Source data ::
========================================
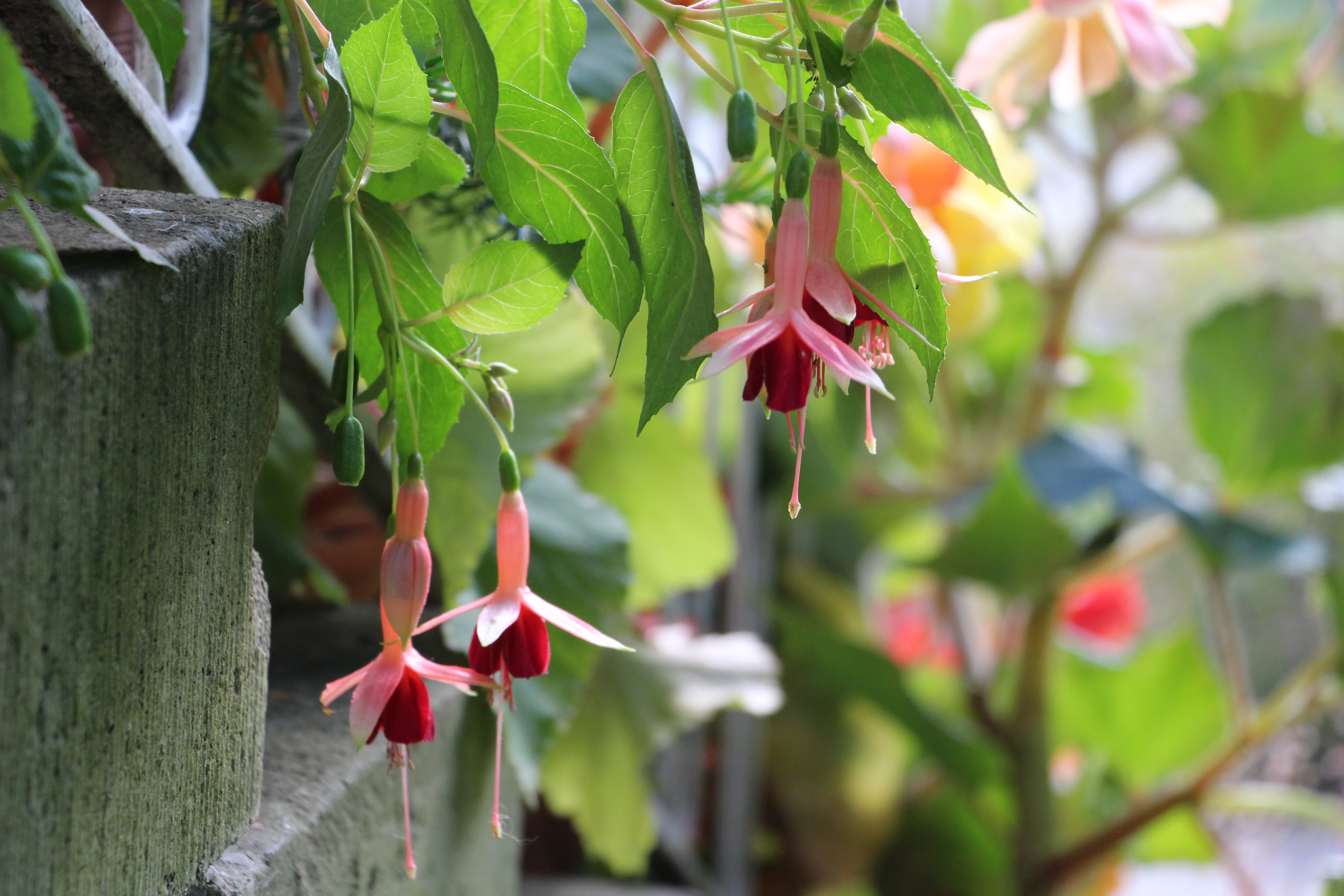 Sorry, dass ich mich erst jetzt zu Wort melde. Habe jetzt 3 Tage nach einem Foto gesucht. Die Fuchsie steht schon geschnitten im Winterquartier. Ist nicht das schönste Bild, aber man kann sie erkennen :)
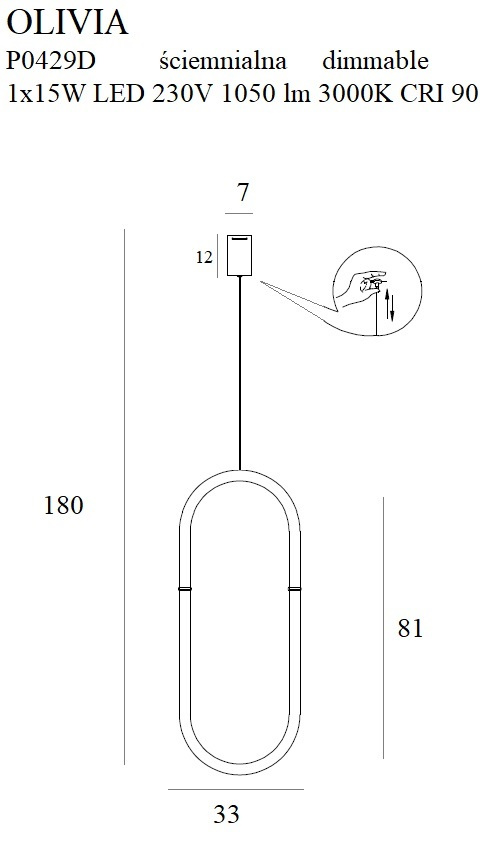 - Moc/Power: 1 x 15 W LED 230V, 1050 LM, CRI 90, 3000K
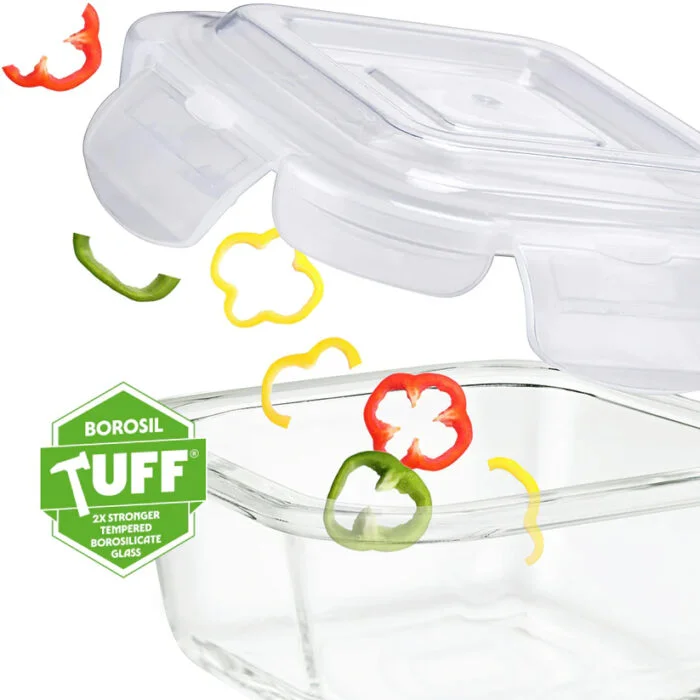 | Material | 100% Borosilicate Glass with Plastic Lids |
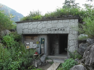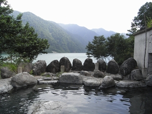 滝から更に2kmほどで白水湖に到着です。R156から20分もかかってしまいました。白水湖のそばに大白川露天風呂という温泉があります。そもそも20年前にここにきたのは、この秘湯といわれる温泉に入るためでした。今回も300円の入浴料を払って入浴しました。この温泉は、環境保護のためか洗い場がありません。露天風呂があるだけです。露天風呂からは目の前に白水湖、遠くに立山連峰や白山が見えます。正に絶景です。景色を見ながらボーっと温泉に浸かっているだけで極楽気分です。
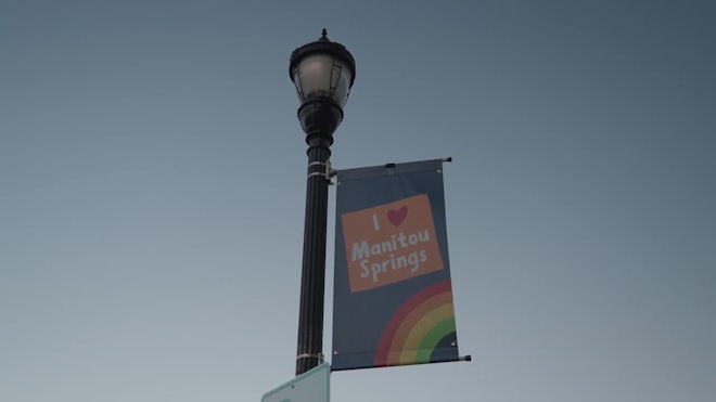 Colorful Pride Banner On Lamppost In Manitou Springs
========================================
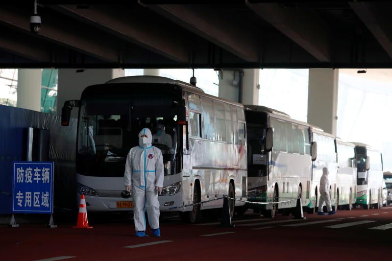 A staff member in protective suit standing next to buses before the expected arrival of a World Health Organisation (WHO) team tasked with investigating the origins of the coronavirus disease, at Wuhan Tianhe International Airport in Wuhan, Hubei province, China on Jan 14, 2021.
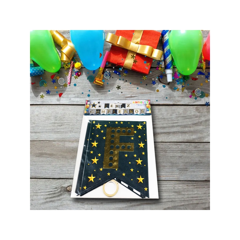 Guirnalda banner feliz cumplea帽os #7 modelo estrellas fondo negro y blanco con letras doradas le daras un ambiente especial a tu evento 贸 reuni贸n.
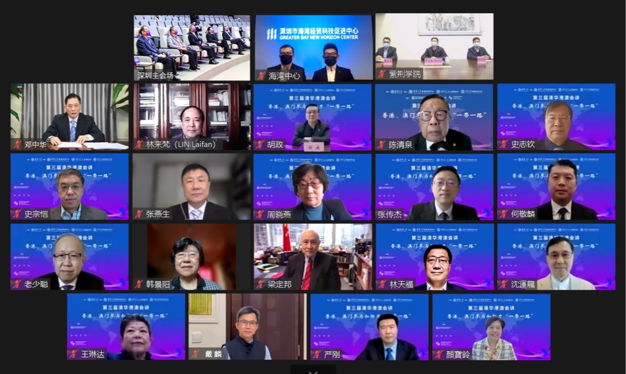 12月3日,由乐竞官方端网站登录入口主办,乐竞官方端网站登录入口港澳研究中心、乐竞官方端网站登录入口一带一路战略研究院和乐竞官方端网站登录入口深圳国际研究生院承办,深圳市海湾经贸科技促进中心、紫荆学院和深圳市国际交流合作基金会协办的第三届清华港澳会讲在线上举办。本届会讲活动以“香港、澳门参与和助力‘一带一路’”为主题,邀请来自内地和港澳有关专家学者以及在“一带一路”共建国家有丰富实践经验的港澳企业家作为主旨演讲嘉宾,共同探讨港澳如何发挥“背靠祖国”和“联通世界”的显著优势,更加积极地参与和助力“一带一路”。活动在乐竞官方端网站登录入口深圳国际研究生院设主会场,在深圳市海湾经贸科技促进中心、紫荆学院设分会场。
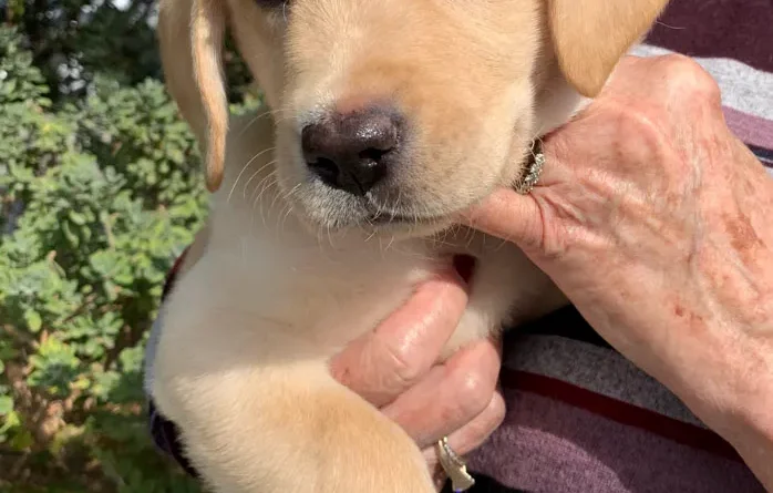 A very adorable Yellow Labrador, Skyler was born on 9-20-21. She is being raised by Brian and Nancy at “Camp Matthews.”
========================================
Exercise requirements :: Set the pictures aside and retype exactly the lines above from the line with "Plastic Lids |" to the line with "Colorful Pride Banner", both included, adding no others.

Completed exercise ::
 | Material | 100% Borosilicate Glass with Plastic Lids |
 滝から更に2kmほどで白水湖に到着です。R156から20分もかかってしまいました。白水湖のそばに大白川露天風呂という温泉があります。そもそも20年前にここにきたのは、この秘湯といわれる温泉に入るためでした。今回も300円の入浴料を払って入浴しました。この温泉は、環境保護のためか洗い場がありません。露天風呂があるだけです。露天風呂からは目の前に白水湖、遠くに立山連峰や白山が見えます。正に絶景です。景色を見ながらボーっと温泉に浸かっているだけで極楽気分です。
 Colorful Pride Banner On Lamppost In Manitou Springs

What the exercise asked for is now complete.